### The problem
Transcribe every line below exactly; no image goes into the output.

### Recorded information
=== Begin Enclosure ===
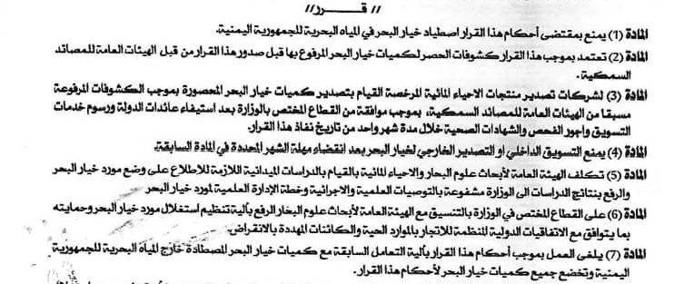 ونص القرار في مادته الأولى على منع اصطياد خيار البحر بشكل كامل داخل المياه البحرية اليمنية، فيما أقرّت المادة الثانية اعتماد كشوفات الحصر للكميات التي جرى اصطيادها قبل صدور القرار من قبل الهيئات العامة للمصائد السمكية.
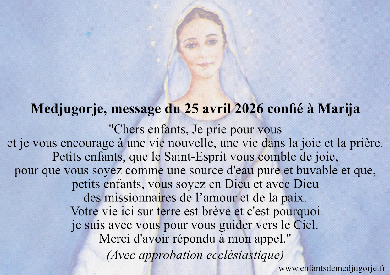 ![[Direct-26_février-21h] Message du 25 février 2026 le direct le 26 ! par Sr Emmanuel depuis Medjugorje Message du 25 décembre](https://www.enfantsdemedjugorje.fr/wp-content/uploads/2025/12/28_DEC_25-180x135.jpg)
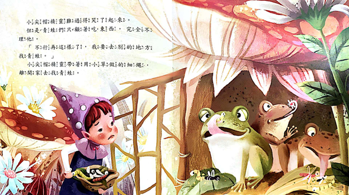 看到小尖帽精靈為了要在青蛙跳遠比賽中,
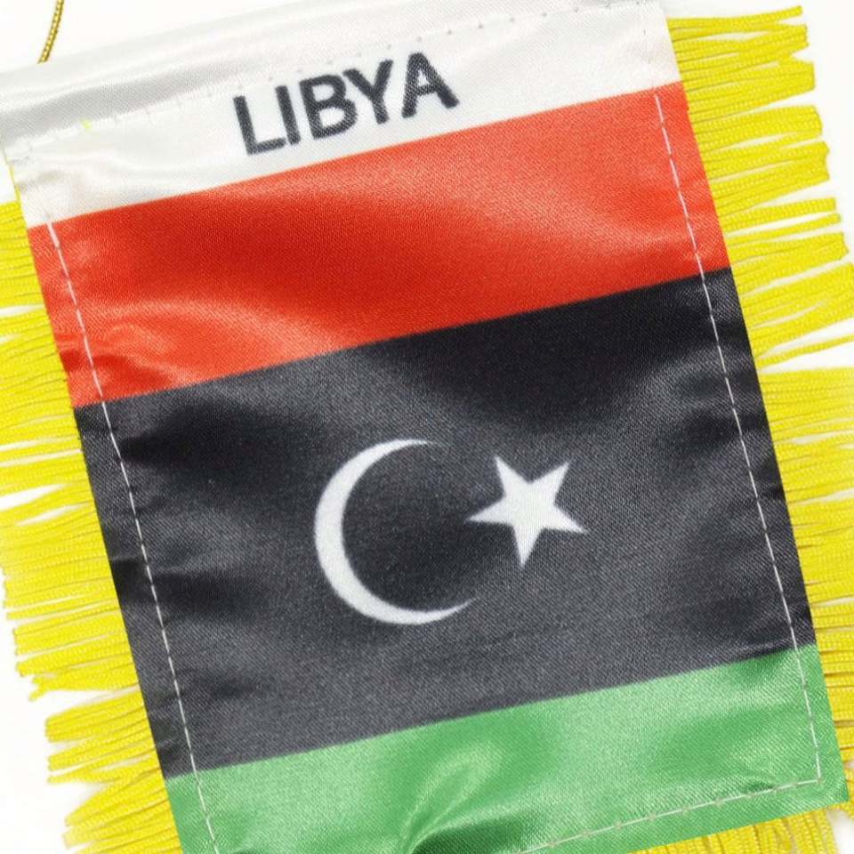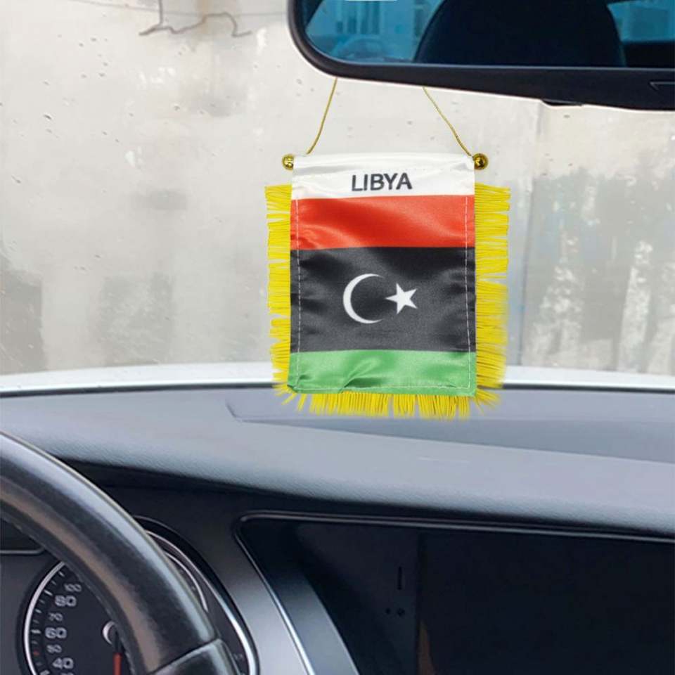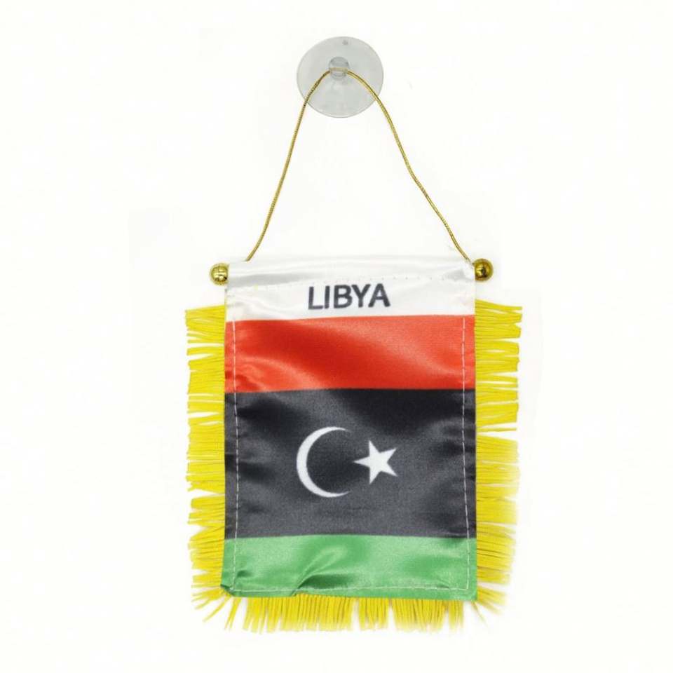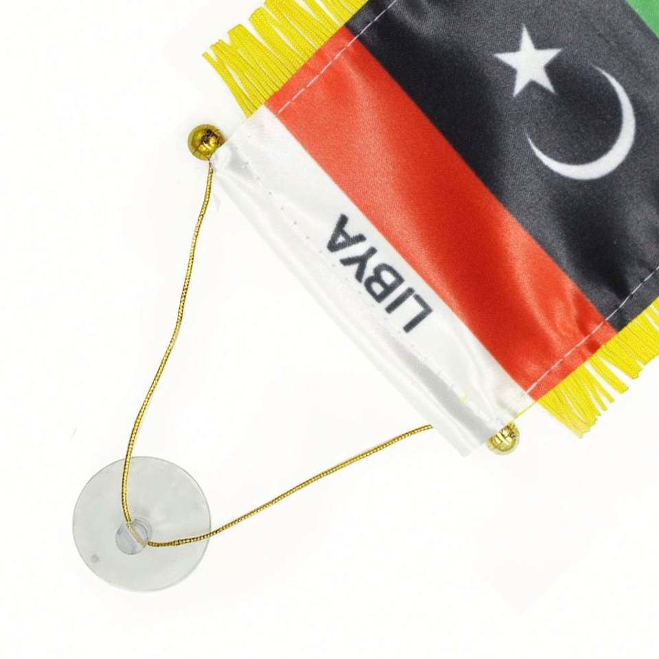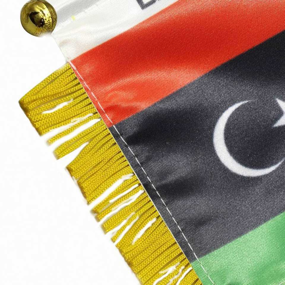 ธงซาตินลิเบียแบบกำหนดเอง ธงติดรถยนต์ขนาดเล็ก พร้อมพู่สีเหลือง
=== End Enclosure ===
### Task answer
 ونص القرار في مادته الأولى على منع اصطياد خيار البحر بشكل كامل داخل المياه البحرية اليمنية، فيما أقرّت المادة الثانية اعتماد كشوفات الحصر للكميات التي جرى اصطيادها قبل صدور القرار من قبل الهيئات العامة للمصائد السمكية.
 ![[Direct-26_février-21h] Message du 25 février 2026 le direct le 26 ! par Sr Emmanuel depuis Medjugorje Message du 25 décembre](https://www.enfantsdemedjugorje.fr/wp-content/uploads/2025/12/28_DEC_25-180x135.jpg)
 看到小尖帽精靈為了要在青蛙跳遠比賽中,
 ธงซาตินลิเบียแบบกำหนดเอง ธงติดรถยนต์ขนาดเล็ก พร้อมพู่สีเหลือง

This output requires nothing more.